If you are saying “amen” to those characterizations, I would encourage you to reevaluate your attitude toward the church as you consider just a few of the reasons I love the church.
The church started an educational revolution.
Jesus once encouraged his followers to “love the Lord your God with all your mind.” To worship God with your mind was a new concept and it has been a prime mover in churches ever since.
This command resulted in the printing press, invented by Christian men for the purpose of making the Bible accessible to all people.
All but one of the first 123 universities in America were started by Christians for Christian purposes.
Public education began in 1647 when the Massachusetts Bay Colony decreed that every town of 50 families should have an elementary school so children could learn how to read the Bible. Many of the highest-achieving schools in our area are Christian-based programs, meeting in or funded by churches.
All of that to say, where would education be if not for the influence of the church?
The church started a charitable revolution.
Being generous to those in need was a foreign concept in the ancient world. The poor, widowed, orphaned and sick were forced to fend for themselves. But Jesus modeled a different way of life.
One of the earliest church leaders wrote this when considering the example of Jesus, “Religion that God our Father accepts as pure and faultless is this: to look after orphans and widows in their distress.”

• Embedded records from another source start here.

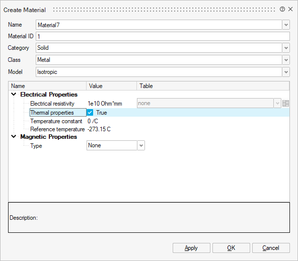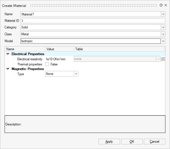 • Open a Create Material dialog box in menu Analysis > Material > Create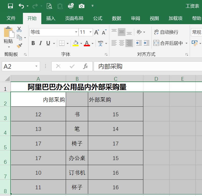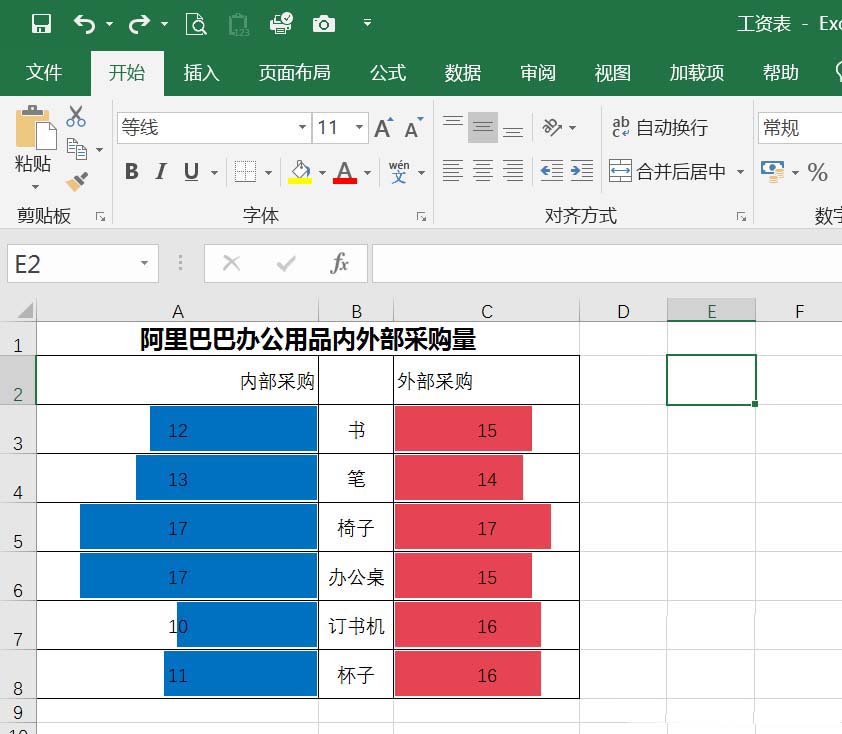 1、以下表为例,对阿里巴巴办公用品采购量作对比条形图。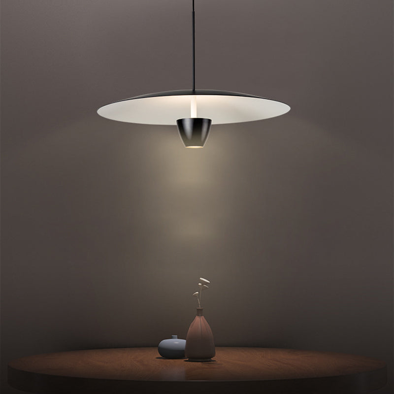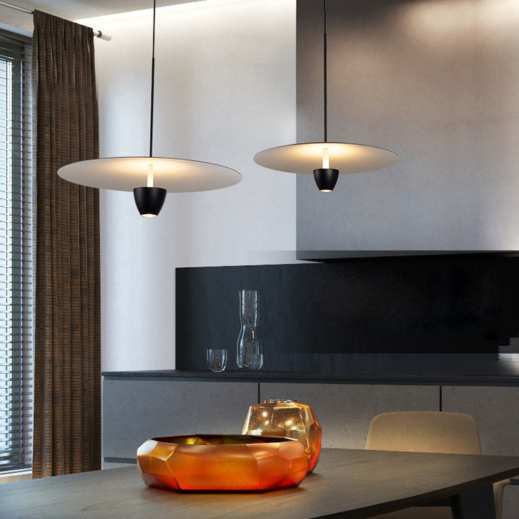 Modern Minimalist Disc Half Round Cylinder Base Iron LED Pendant Light For Living Room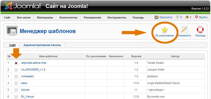 Далее в Менеджере шаблонов укажите какой шаблон вы бы хотели применить к сайту.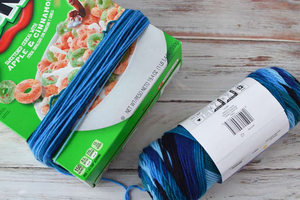 Now, make a pom-pom for the hat, if you want one for the hat. If you don’t want a pom-pom you can skip this step. Wrap the yarn around a cereal box about 75 times. Remove from box by carefully sliding off.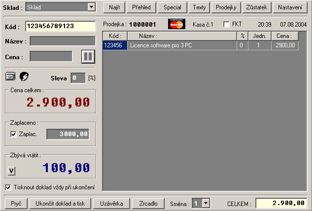 Prodej Kasa - prodej na pokladně s ovládáním pokladní zásuvky, zákaznického displeje, podporou a tiskem čárového kódu. Tisk prodejek v několika formátech včetně pokladních tiskáren. Zboží je odebíráno ze skladů a pohyby se promítají v uzávěrkách skladů a pokladny. Uzávěrky za období nebo za směnu lze provést též podle skladů nebo obsluhy přihlášené heslem. Rozsah oprávnění uživatelů nastavuje správce systému. Lze zakázat náhled nákupních cen apod. Výpisy prodaného zboží, slevy, vyhledávání podle kódu, názvu, částky, rychlé fulltextové vyhledávání položek, přehled. Možnost složených výrobků, prodeje s různým nákupním a prodejním DPH, obaly. Lze vkládat texty, vracet zboží z reklamace, provádět výkup zboží přes pokladnu. Záruky, sériová čísla zboží. Jednoduchá a velmi rychlá obsluha zkratkovými klávesami. Vše je logické a intuitivní, obsluhu zvládne i nezaškolený personál.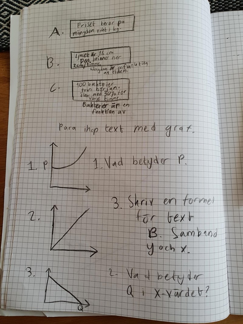 Hej behöver hjälp med den här det kom på mitt läxförhör och har redan haft det undrar bara om jag gjort rätt jag vet inte om jag gjort rätt jag försökte och skrev att A passar ihop med graf 2. B passar ihop med graf 3 och C passar ihop med graf 1. Jag skrev att P står för 100 bakterier. 2. Q står för 9. 3. En formel är y=18-2x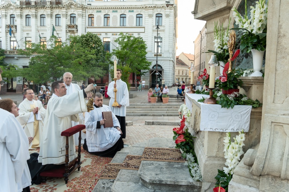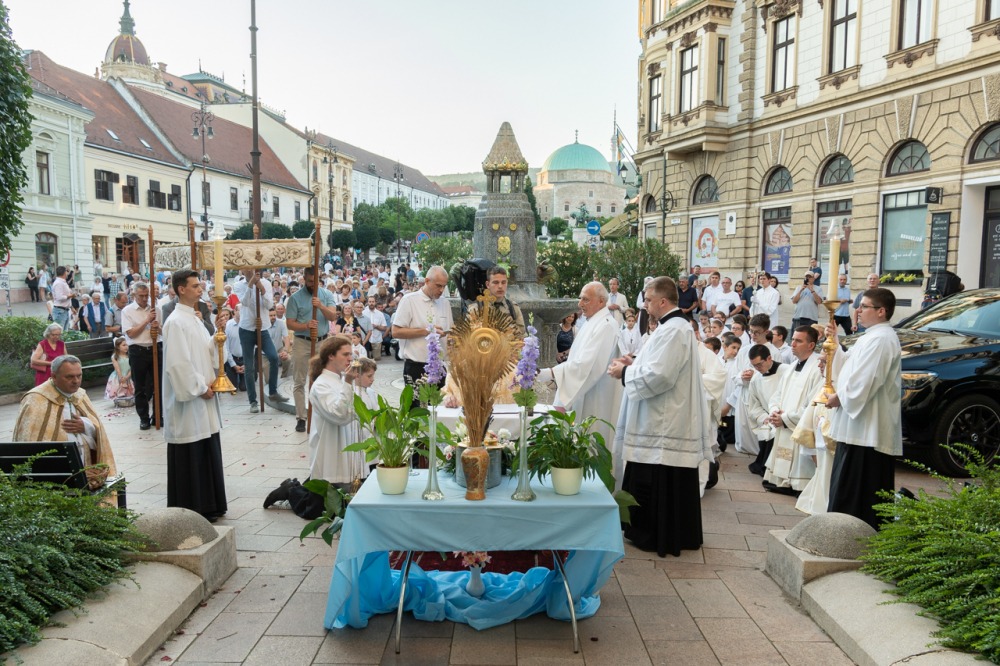 Úrnapja estéjén, június 22-én Felföldi László megyéspüspök celebrált ünnepi szentmisét a pécsi Szent Péter- és Szent Pál-székesegyházban, majd a papság és a hívek körmenetben kísérték az Oltáriszentséget a Széchenyi téri Szentháromság-szoborhoz.

In 325AD at the Council of Nicea, churches decided to build a hospital in every town that had a cathedral, the first ever initiative to make medical care accessible to all.
The five largest charitable organizations in the world today were started by Christians. According to a CNN report last week, church-based organizations have contributed more to recent hurricane relief efforts than FEMA.
In Winchester, churches are a driving force in addressing our most pressing issues with programs like Read to Succeed (literacy program), Celebrate Recovery (addiction program), New Beginnings (crisis pregnancy center), Community Services (began by the Ministerial Alliance), just to name a few. Who would address these issues, if not for the church?
I could go on and on about the revolutionary impact churches have made and continue to make.
I haven’t mentioned the countless homes warmed, bellies filled, marriages saved, orphans adopted or lives changed as a direct result of the churches in this community.
I am convinced that the church is the single greatest force for good the world has ever seen.
Maybe it is time for you to reconsider the church.
Reasonably consider most churches and you will find that we are for the city and we are for you.
We don’t want something from you; we want something for you.
We pray “Father, your will be done in Winchester as it is in Heaven.”
Churches aren’t perfect but there is much to love about your local churches.